== MATERIAL SHOWN ==
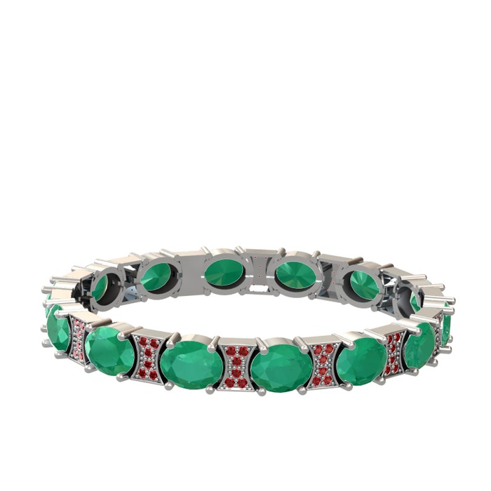 Kök zümrüt ve garnet 8 ayar beyaz altın bilezik
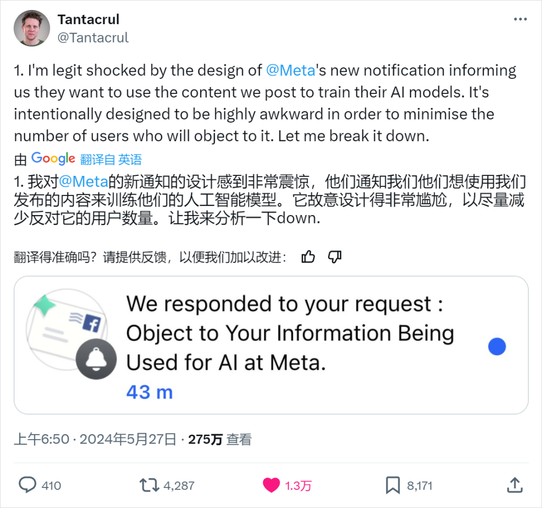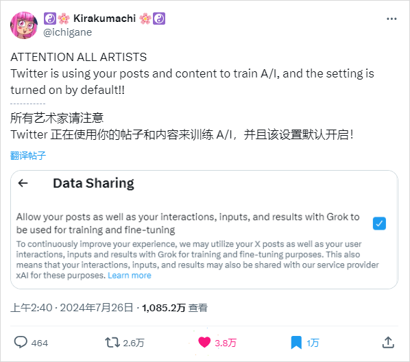 他在没有任何公告、任何通知的情况下,偷偷的上线了一个协议,就是我要用你的帖子、你的数据来训练AI啦,而且这个条款,是默认选中状态,你是默认同意的。
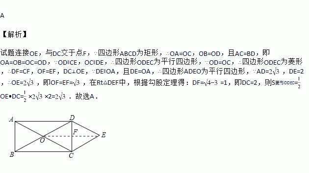 如图,矩形 ABCD 的对角线 AC 与 BD 相交于点 O,CE∥BD, DE∥AC , AD=2, DE=2,则四边形 OCED 的面积为( )
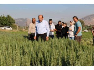 İl Müdürü Tekin, üretici İbrahim Yılmaz ile ölmez otu, biberiye, kekik, lavanta, tıbbi nane, melisa bulunan deneme tarlasındaki bitkileri inceleyerek yeni sezondaki üretimle ilgili bilgi aldı.
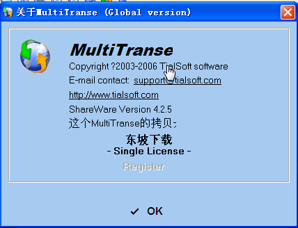 MultiTranse 是利用网上的免费资源,可以对英语, 葡萄牙语,荷兰语,法语,汉语,西班牙语,德语,意大利语,希腊语,俄语,韩国语,日语等语言之间进行翻译的软件。程序可以翻译具体词、词组、句子甚至小文章, 一次只能翻译6000 字符。
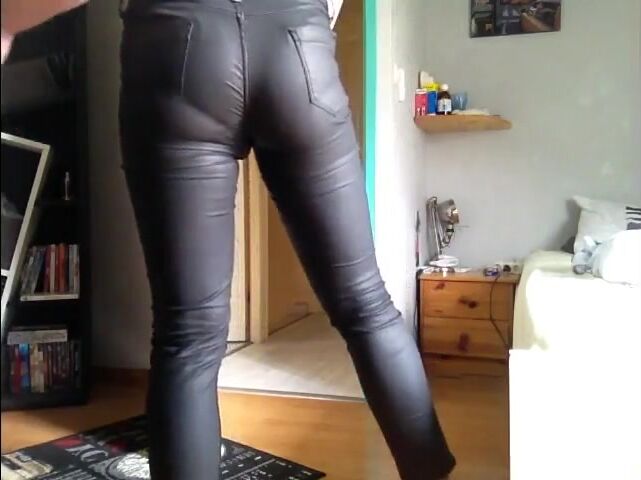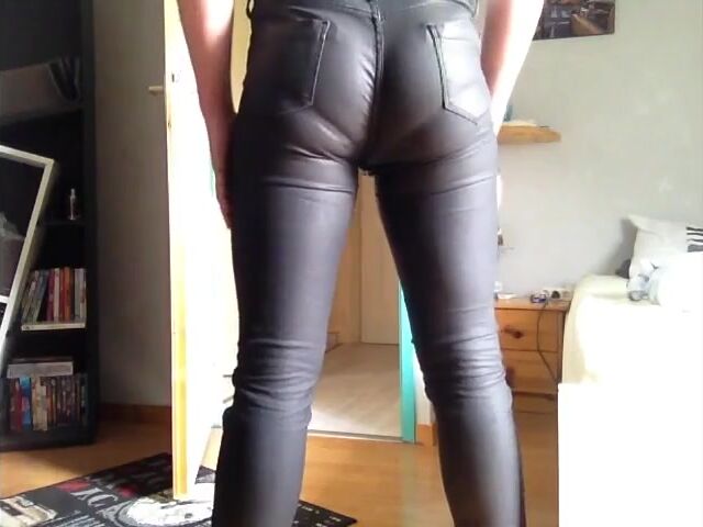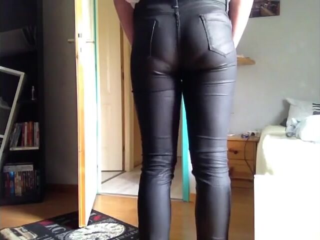 mature leather pants pooping
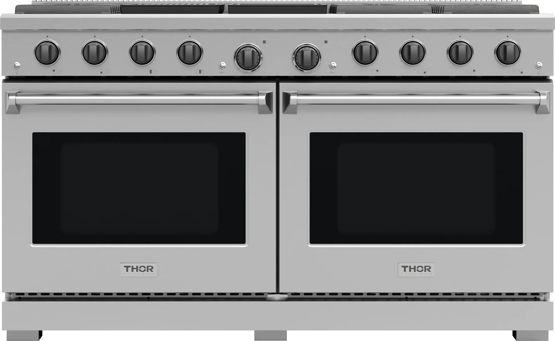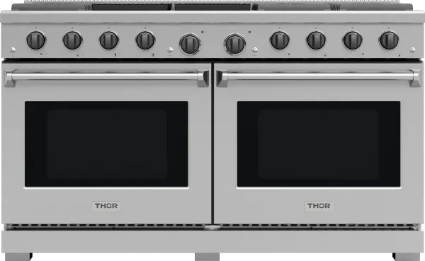 THOR Kitchen offers the power and performance of a premium professional appliance at a practical price. The two 4.8 cu. ft. ovens allow you to prepare multiple dishes simultaneously, perfect for hosting dinner parties or cooking large family meals. Effortlessly maintain a spotless kitchen with the black porcelain spill tray, which catches any messes and simplifies cleanup. The versatile 8-burner cooktop, ranging from a 3500 BTU burner to a powerful 18,000 BTU burner, gives you the flexibility to master any culinary challenge. Heavy-duty continuous cast-iron cooking grates provide stability for any size cookware, ensuring durability and reliability. The convection fan ensures fast and even cooking, while the large oven windows and bright halogen lights let you easily monitor your food without opening the door. With dual-function oven controls and high-temperature frying capabilities, this range is designed to bring out the professional chef in every home cook.
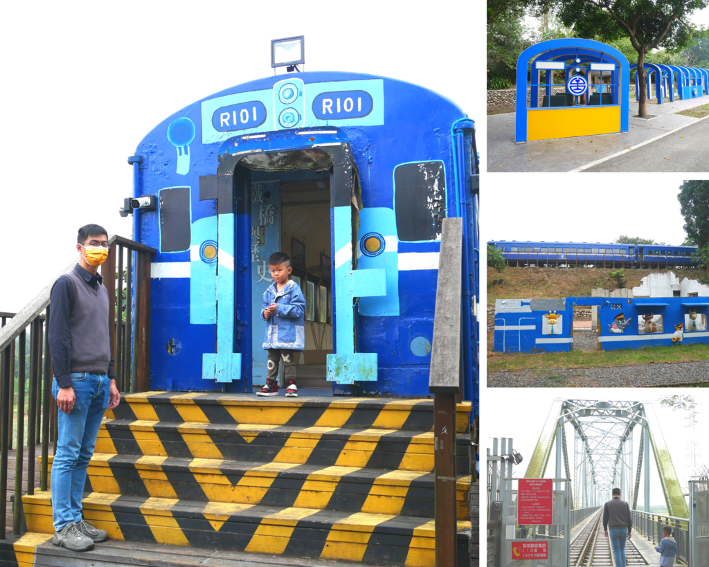 鐵橋另一側放置了一列藍皮車廂,兒子沒有搭過藍皮列車,好奇的往內探訪。
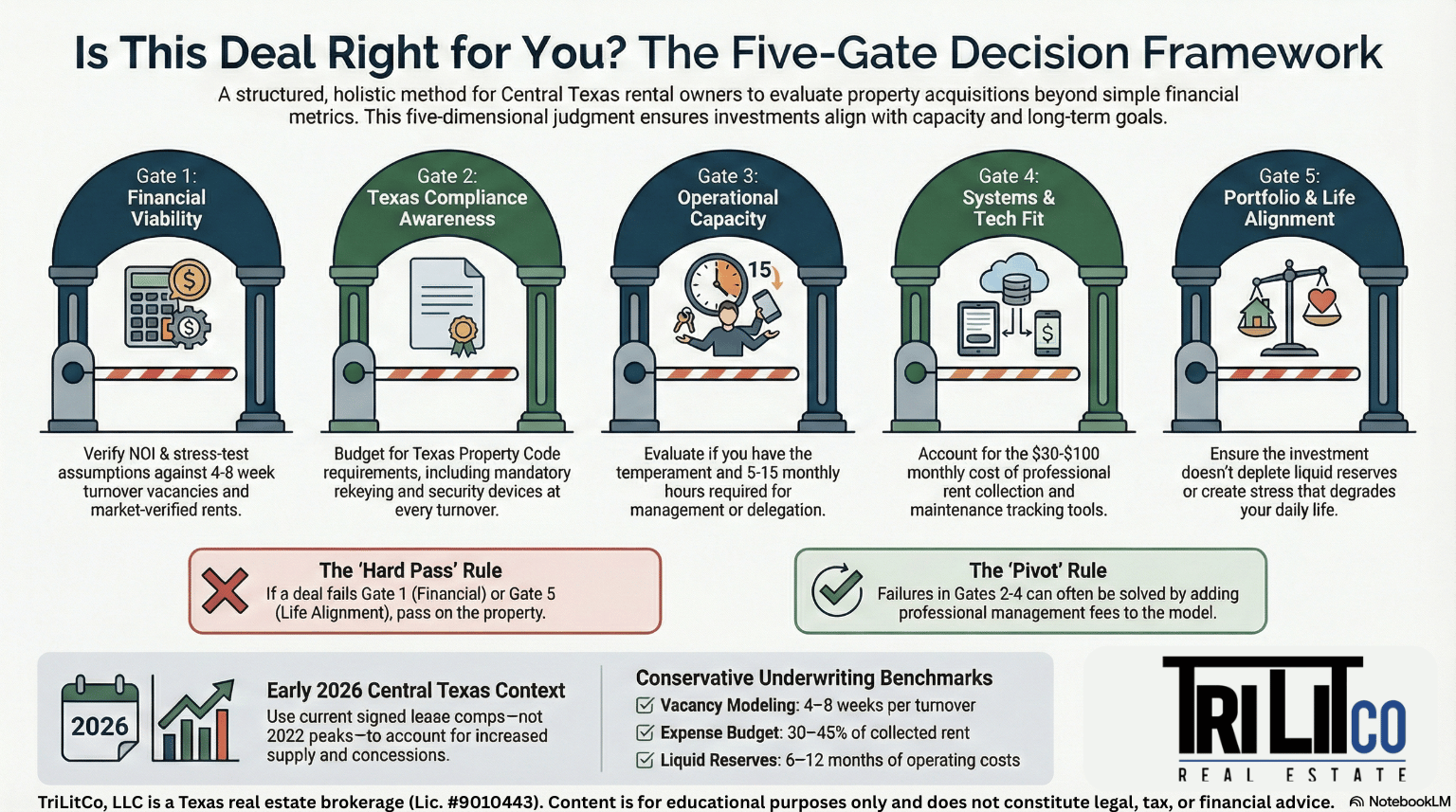 A property can pass one test and fail another. Financial viability without operational capacity leads to burnout. Strong operations without compliance awareness leads to legal exposure. Strong financials without life alignment degrades quality of life.

== AIM OF THE TASK ==
Give the lines exactly, from the first line of the entries to the line with "İl Müdürü Tekin, üretici", both ends included. Skip the pictures.

== YOUR SOLUTION ==
 Kök zümrüt ve garnet 8 ayar beyaz altın bilezik
 他在没有任何公告、任何通知的情况下,偷偷的上线了一个协议,就是我要用你的帖子、你的数据来训练AI啦,而且这个条款,是默认选中状态,你是默认同意的。
 如图,矩形 ABCD 的对角线 AC 与 BD 相交于点 O,CE∥BD, DE∥AC , AD=2, DE=2,则四边形 OCED 的面积为( )
 İl Müdürü Tekin, üretici İbrahim Yılmaz ile ölmez otu, biberiye, kekik, lavanta, tıbbi nane, melisa bulunan deneme tarlasındaki bitkileri inceleyerek yeni sezondaki üretimle ilgili bilgi aldı.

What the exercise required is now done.